Problem requirements. Reproduce the listing below exactly, minus its pictures.
● ● ● ● ● ● ●
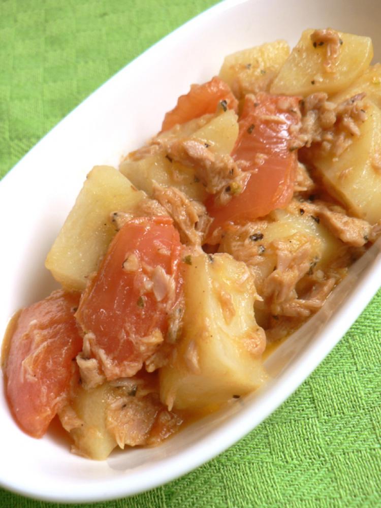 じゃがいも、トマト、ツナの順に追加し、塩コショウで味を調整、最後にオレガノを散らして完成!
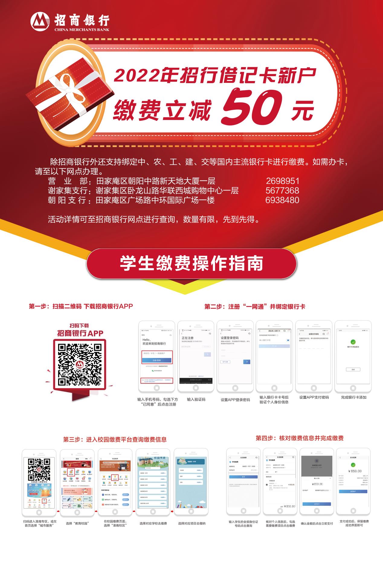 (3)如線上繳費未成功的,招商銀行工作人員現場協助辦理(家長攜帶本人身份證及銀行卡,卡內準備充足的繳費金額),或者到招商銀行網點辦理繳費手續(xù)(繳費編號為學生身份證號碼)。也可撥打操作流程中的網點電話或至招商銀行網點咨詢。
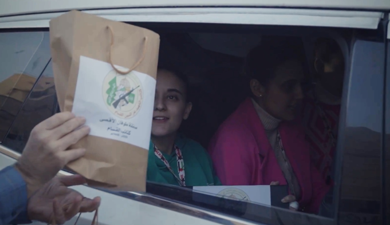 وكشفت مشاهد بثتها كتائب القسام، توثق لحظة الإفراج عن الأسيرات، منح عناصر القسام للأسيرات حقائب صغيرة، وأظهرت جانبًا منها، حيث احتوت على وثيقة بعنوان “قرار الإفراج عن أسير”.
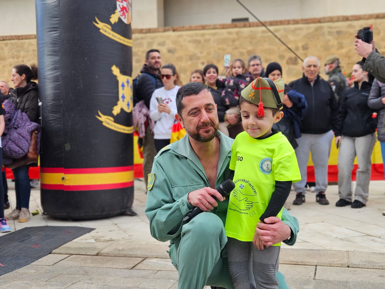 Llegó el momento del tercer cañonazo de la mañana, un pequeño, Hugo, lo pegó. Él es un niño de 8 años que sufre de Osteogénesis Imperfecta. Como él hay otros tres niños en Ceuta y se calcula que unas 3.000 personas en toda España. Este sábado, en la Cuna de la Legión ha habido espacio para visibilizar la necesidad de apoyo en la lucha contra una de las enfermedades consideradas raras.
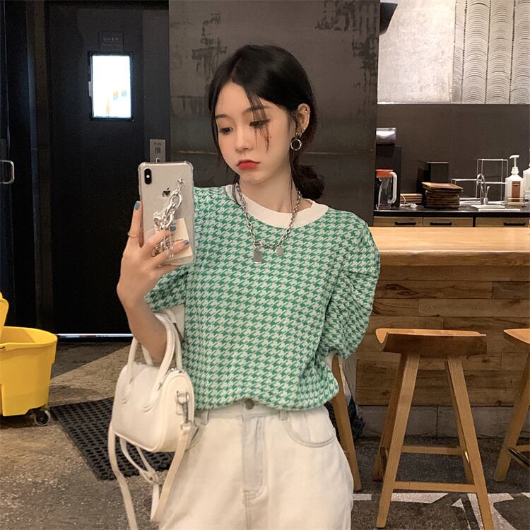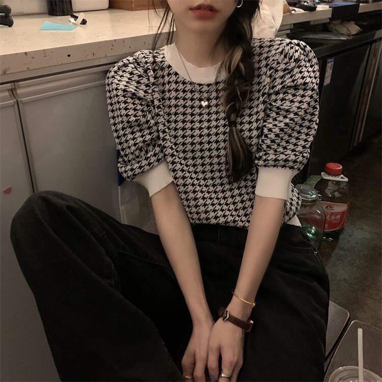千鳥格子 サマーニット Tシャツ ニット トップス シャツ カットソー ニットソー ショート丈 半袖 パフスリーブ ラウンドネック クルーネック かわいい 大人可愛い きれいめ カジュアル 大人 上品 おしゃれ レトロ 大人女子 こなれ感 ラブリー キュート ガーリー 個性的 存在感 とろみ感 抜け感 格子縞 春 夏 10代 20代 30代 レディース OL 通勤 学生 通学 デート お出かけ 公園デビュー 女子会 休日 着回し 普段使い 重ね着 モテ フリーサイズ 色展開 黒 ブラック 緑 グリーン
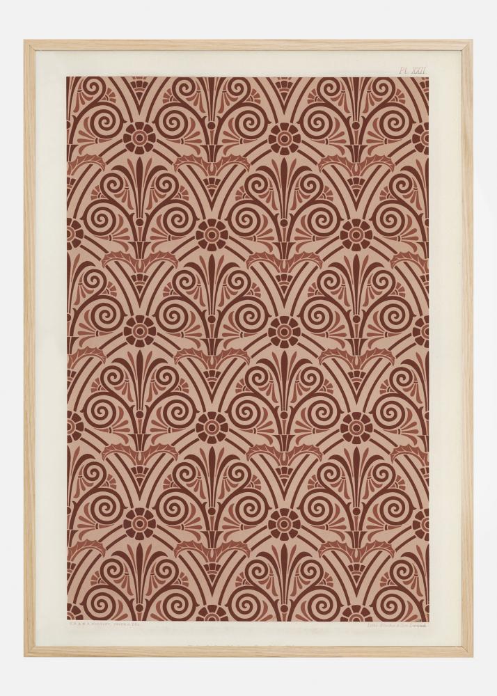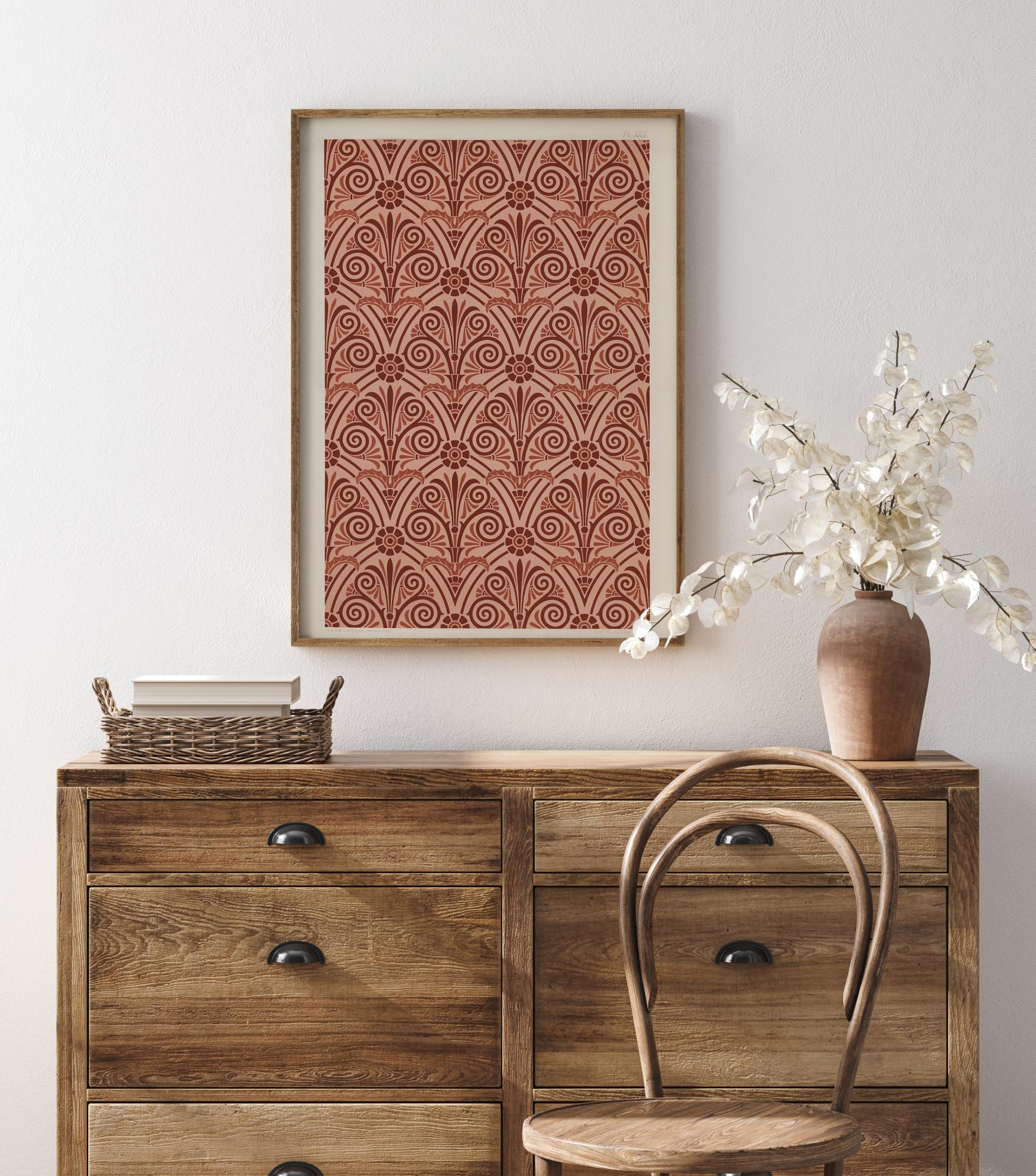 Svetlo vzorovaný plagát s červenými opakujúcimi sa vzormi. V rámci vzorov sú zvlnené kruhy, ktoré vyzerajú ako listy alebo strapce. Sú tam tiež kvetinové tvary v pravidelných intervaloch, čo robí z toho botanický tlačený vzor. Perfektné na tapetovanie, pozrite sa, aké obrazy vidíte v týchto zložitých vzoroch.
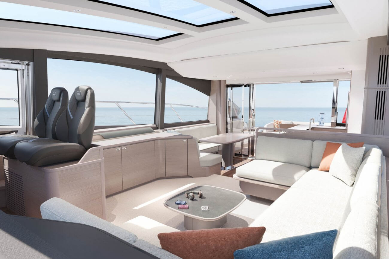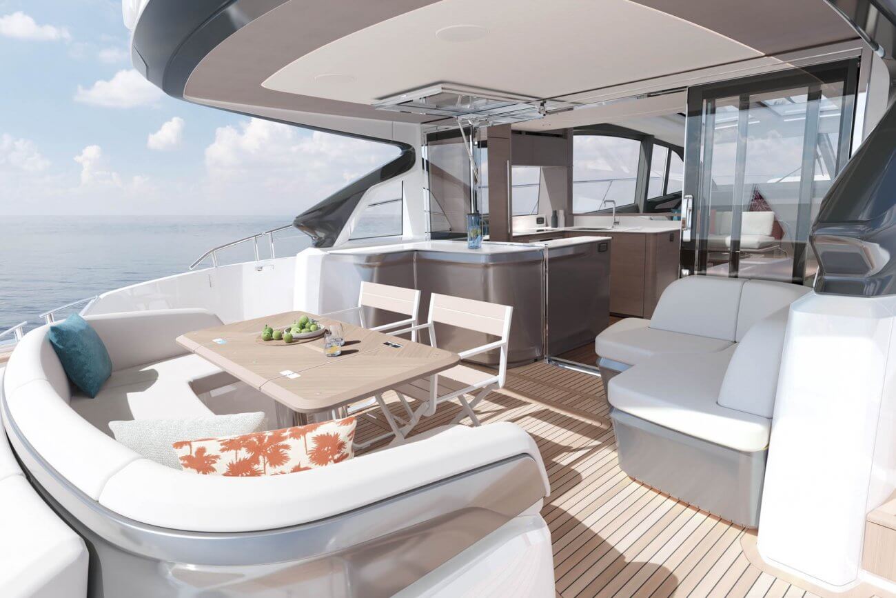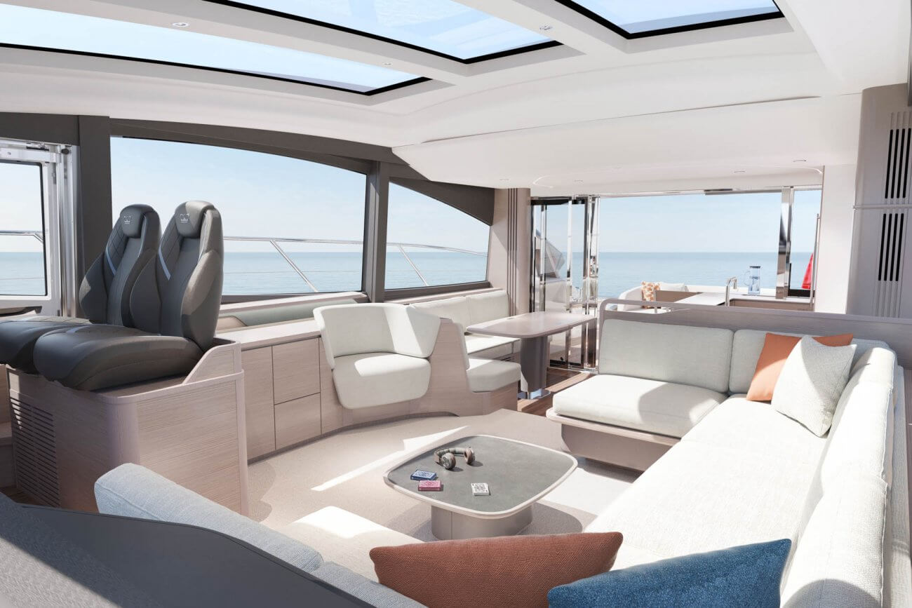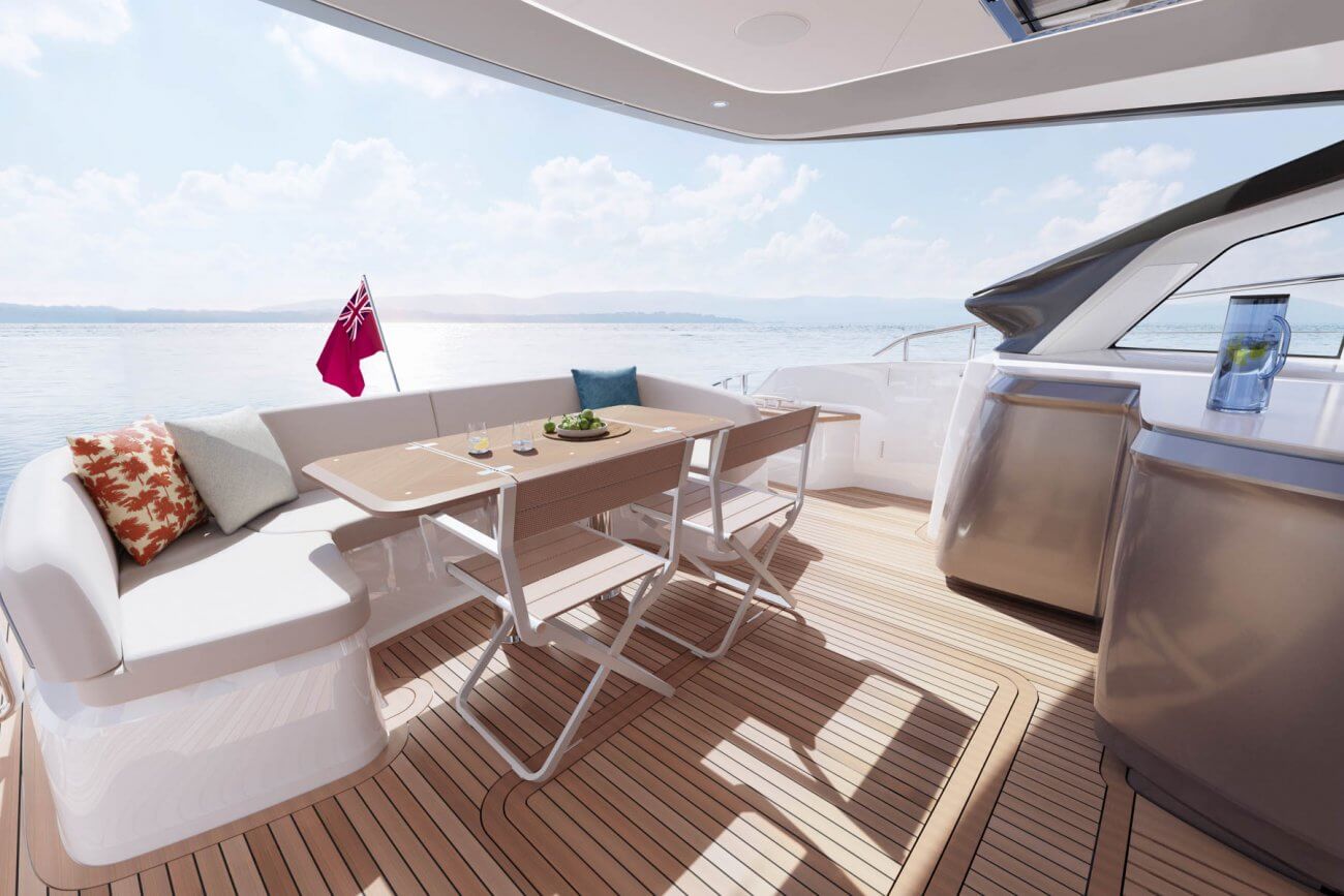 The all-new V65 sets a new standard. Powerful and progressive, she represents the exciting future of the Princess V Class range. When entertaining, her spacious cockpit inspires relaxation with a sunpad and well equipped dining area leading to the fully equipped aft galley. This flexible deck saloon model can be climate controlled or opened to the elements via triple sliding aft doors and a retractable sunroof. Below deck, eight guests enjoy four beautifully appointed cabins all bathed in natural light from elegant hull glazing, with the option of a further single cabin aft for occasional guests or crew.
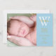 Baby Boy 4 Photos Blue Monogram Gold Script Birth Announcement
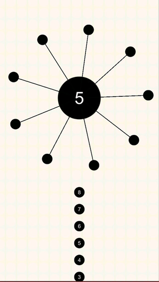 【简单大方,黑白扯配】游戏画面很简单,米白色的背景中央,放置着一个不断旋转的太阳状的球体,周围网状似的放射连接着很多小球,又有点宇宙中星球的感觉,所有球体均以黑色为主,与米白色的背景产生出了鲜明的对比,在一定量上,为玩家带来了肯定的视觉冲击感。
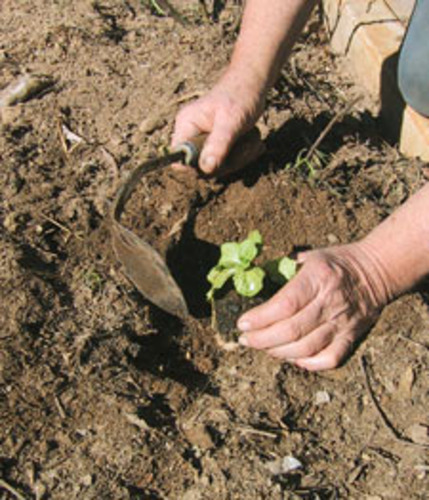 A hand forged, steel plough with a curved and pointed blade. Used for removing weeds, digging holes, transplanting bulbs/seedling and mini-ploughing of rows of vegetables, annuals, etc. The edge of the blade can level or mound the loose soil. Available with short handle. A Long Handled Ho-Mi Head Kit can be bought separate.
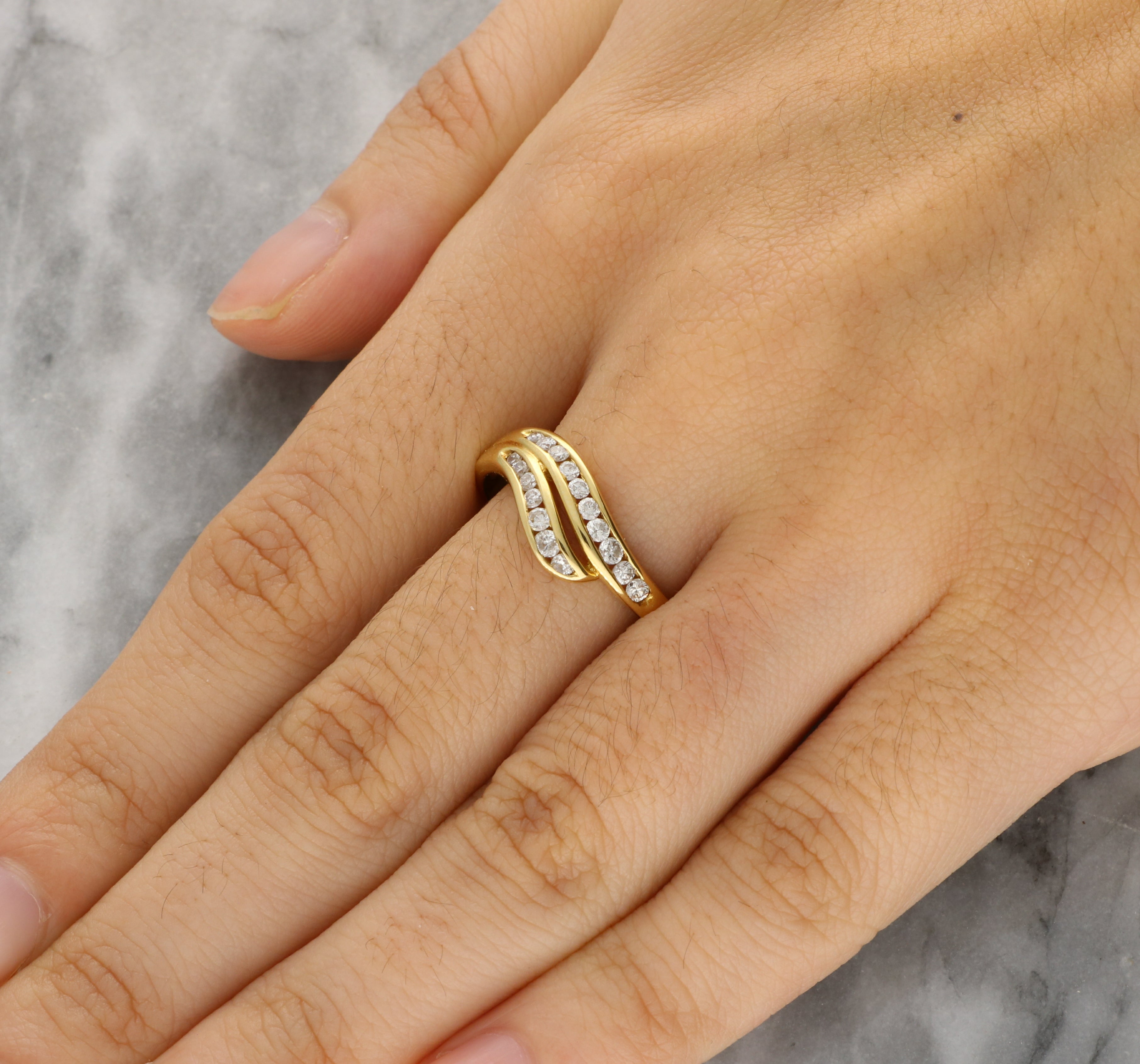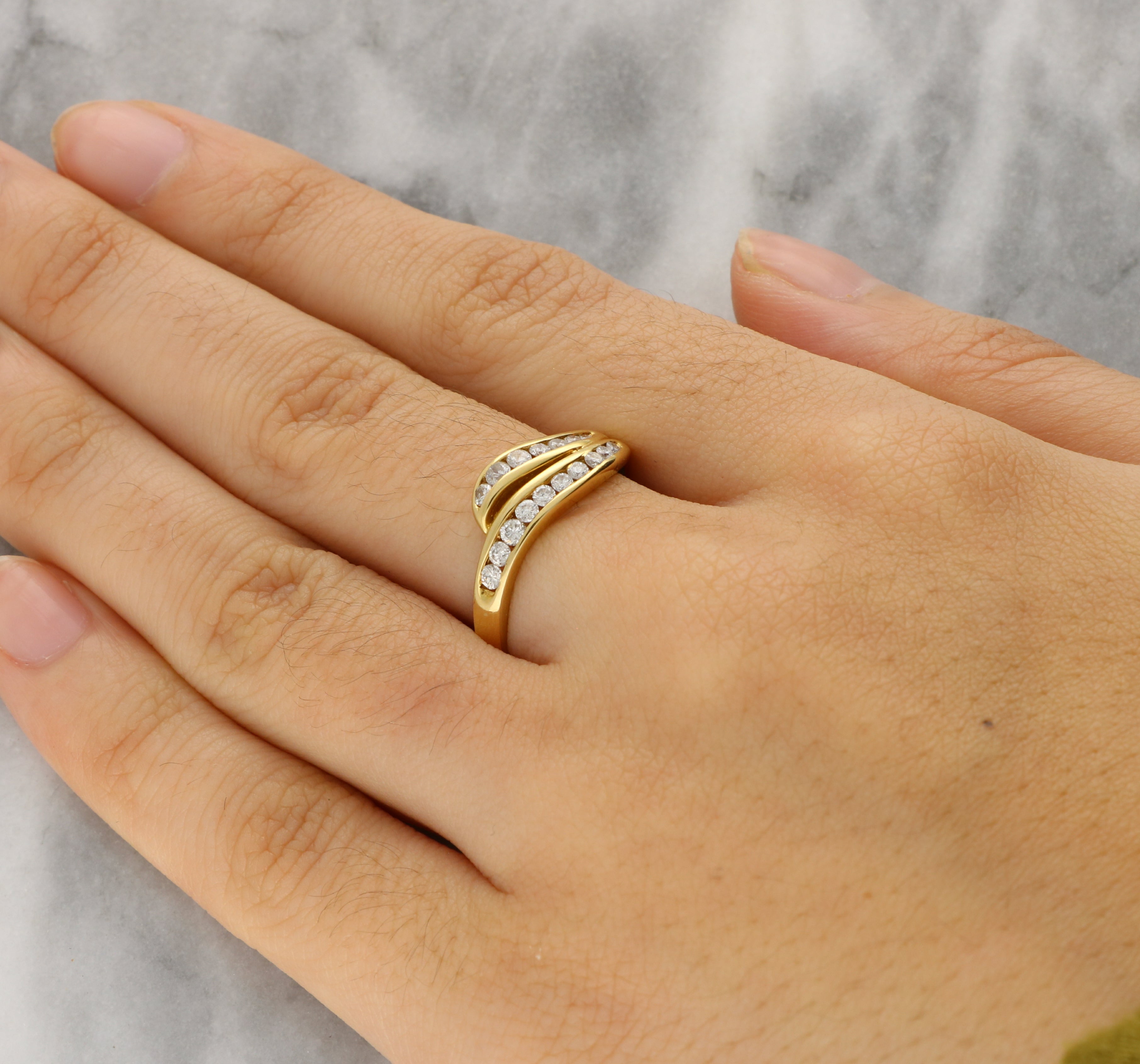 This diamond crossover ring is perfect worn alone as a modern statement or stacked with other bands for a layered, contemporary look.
● ● ● ● ● ● ●
Response area.
 じゃがいも、トマト、ツナの順に追加し、塩コショウで味を調整、最後にオレガノを散らして完成!
 (3)如線上繳費未成功的,招商銀行工作人員現場協助辦理(家長攜帶本人身份證及銀行卡,卡內準備充足的繳費金額),或者到招商銀行網點辦理繳費手續(xù)(繳費編號為學生身份證號碼)。也可撥打操作流程中的網點電話或至招商銀行網點咨詢。
 وكشفت مشاهد بثتها كتائب القسام، توثق لحظة الإفراج عن الأسيرات، منح عناصر القسام للأسيرات حقائب صغيرة، وأظهرت جانبًا منها، حيث احتوت على وثيقة بعنوان “قرار الإفراج عن أسير”.
 Llegó el momento del tercer cañonazo de la mañana, un pequeño, Hugo, lo pegó. Él es un niño de 8 años que sufre de Osteogénesis Imperfecta. Como él hay otros tres niños en Ceuta y se calcula que unas 3.000 personas en toda España. Este sábado, en la Cuna de la Legión ha habido espacio para visibilizar la necesidad de apoyo en la lucha contra una de las enfermedades consideradas raras.
千鳥格子 サマーニット Tシャツ ニット トップス シャツ カットソー ニットソー ショート丈 半袖 パフスリーブ ラウンドネック クルーネック かわいい 大人可愛い きれいめ カジュアル 大人 上品 おしゃれ レトロ 大人女子 こなれ感 ラブリー キュート ガーリー 個性的 存在感 とろみ感 抜け感 格子縞 春 夏 10代 20代 30代 レディース OL 通勤 学生 通学 デート お出かけ 公園デビュー 女子会 休日 着回し 普段使い 重ね着 モテ フリーサイズ 色展開 黒 ブラック 緑 グリーン
 Svetlo vzorovaný plagát s červenými opakujúcimi sa vzormi. V rámci vzorov sú zvlnené kruhy, ktoré vyzerajú ako listy alebo strapce. Sú tam tiež kvetinové tvary v pravidelných intervaloch, čo robí z toho botanický tlačený vzor. Perfektné na tapetovanie, pozrite sa, aké obrazy vidíte v týchto zložitých vzoroch.
 The all-new V65 sets a new standard. Powerful and progressive, she represents the exciting future of the Princess V Class range. When entertaining, her spacious cockpit inspires relaxation with a sunpad and well equipped dining area leading to the fully equipped aft galley. This flexible deck saloon model can be climate controlled or opened to the elements via triple sliding aft doors and a retractable sunroof. Below deck, eight guests enjoy four beautifully appointed cabins all bathed in natural light from elegant hull glazing, with the option of a further single cabin aft for occasional guests or crew.
 Baby Boy 4 Photos Blue Monogram Gold Script Birth Announcement
 【简单大方,黑白扯配】游戏画面很简单,米白色的背景中央,放置着一个不断旋转的太阳状的球体,周围网状似的放射连接着很多小球,又有点宇宙中星球的感觉,所有球体均以黑色为主,与米白色的背景产生出了鲜明的对比,在一定量上,为玩家带来了肯定的视觉冲击感。
 A hand forged, steel plough with a curved and pointed blade. Used for removing weeds, digging holes, transplanting bulbs/seedling and mini-ploughing of rows of vegetables, annuals, etc. The edge of the blade can level or mound the loose soil. Available with short handle. A Long Handled Ho-Mi Head Kit can be bought separate.
 This diamond crossover ring is perfect worn alone as a modern statement or stacked with other bands for a layered, contemporary look.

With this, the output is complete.